• WORKING DATA:
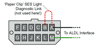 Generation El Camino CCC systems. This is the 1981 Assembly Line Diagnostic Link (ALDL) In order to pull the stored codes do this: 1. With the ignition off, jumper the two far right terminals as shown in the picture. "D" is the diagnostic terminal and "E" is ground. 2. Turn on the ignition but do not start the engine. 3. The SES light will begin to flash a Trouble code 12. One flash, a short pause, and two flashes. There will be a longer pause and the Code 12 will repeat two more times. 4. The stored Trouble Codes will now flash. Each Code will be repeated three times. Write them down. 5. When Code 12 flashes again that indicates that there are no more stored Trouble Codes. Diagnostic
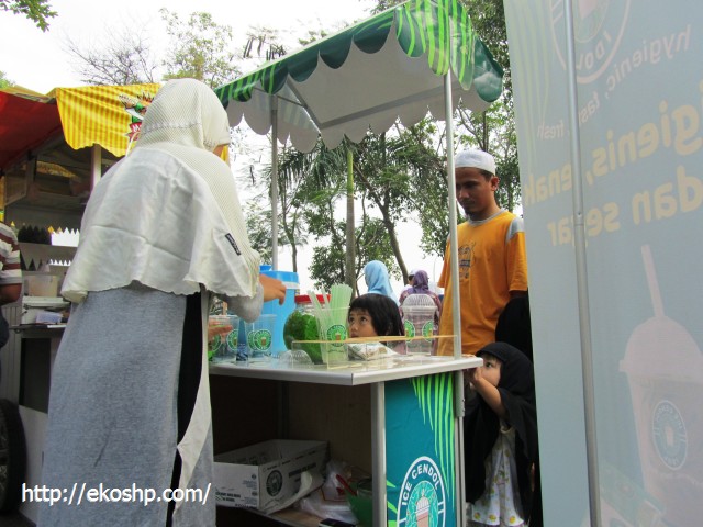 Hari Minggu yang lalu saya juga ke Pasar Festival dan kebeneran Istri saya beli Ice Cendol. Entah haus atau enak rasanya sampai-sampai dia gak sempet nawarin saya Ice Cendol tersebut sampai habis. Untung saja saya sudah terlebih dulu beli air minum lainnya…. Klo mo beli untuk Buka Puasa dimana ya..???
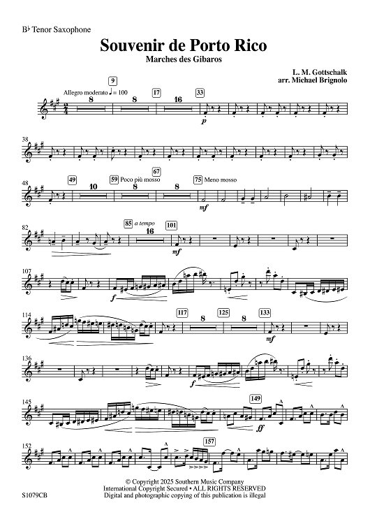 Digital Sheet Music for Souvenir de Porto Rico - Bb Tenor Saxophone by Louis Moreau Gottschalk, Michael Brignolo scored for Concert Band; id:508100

--

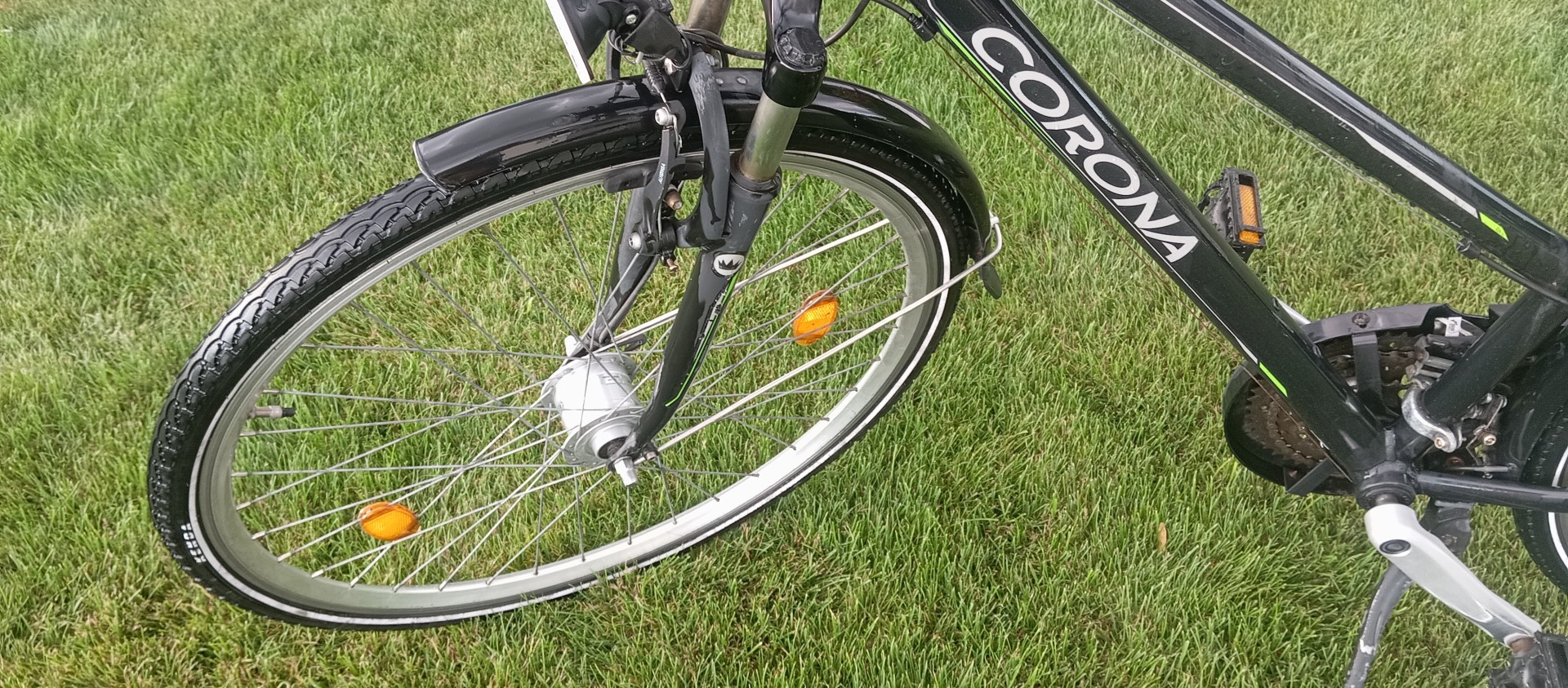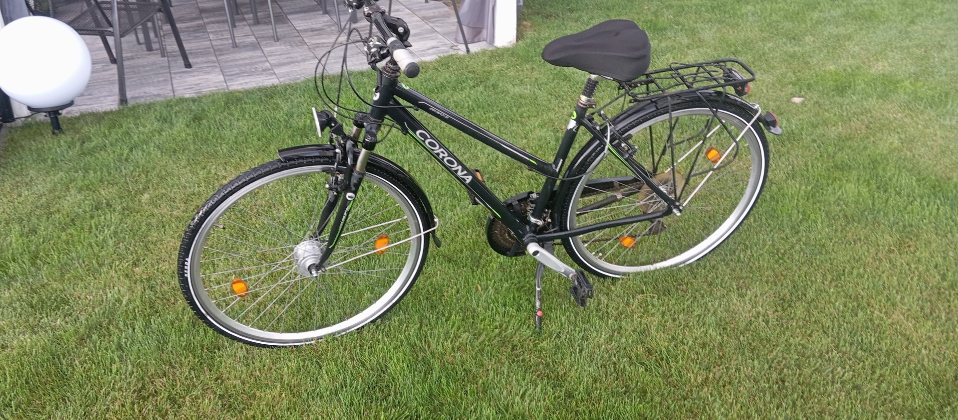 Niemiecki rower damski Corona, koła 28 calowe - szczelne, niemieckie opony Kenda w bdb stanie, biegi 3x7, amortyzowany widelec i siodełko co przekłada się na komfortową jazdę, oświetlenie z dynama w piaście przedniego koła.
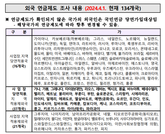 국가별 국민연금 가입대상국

==

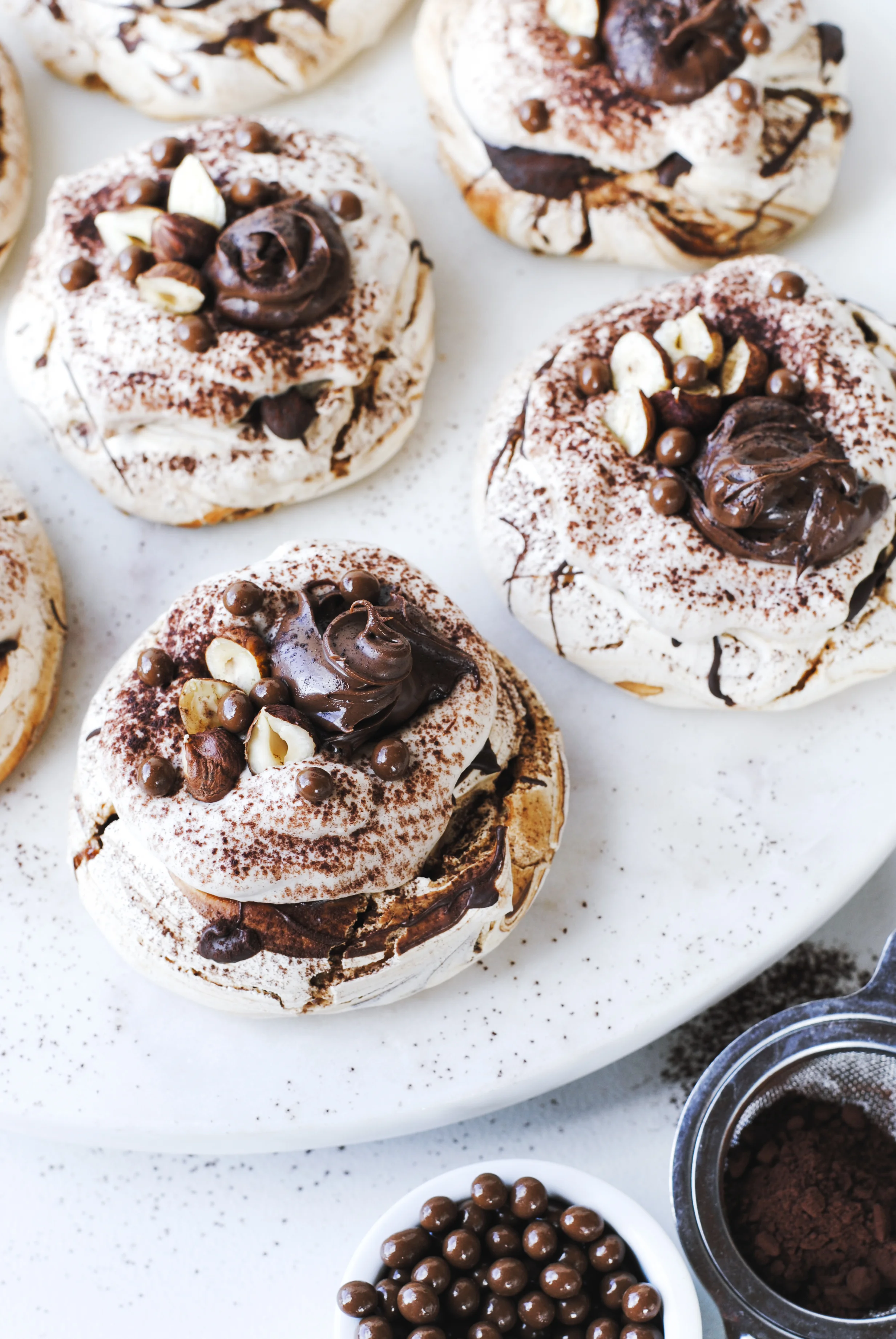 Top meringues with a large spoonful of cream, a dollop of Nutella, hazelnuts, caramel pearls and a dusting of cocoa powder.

• WHAT THE TASK REQUIRES: Starting with the line that has "Niemiecki rower damski" and going on through the line that has "국가별 국민연금 가입대상국", transcribe the records above exactly, but skip the pictures.

• RESPONSE AREA:
 Niemiecki rower damski Corona, koła 28 calowe - szczelne, niemieckie opony Kenda w bdb stanie, biegi 3x7, amortyzowany widelec i siodełko co przekłada się na komfortową jazdę, oświetlenie z dynama w piaście przedniego koła.
 국가별 국민연금 가입대상국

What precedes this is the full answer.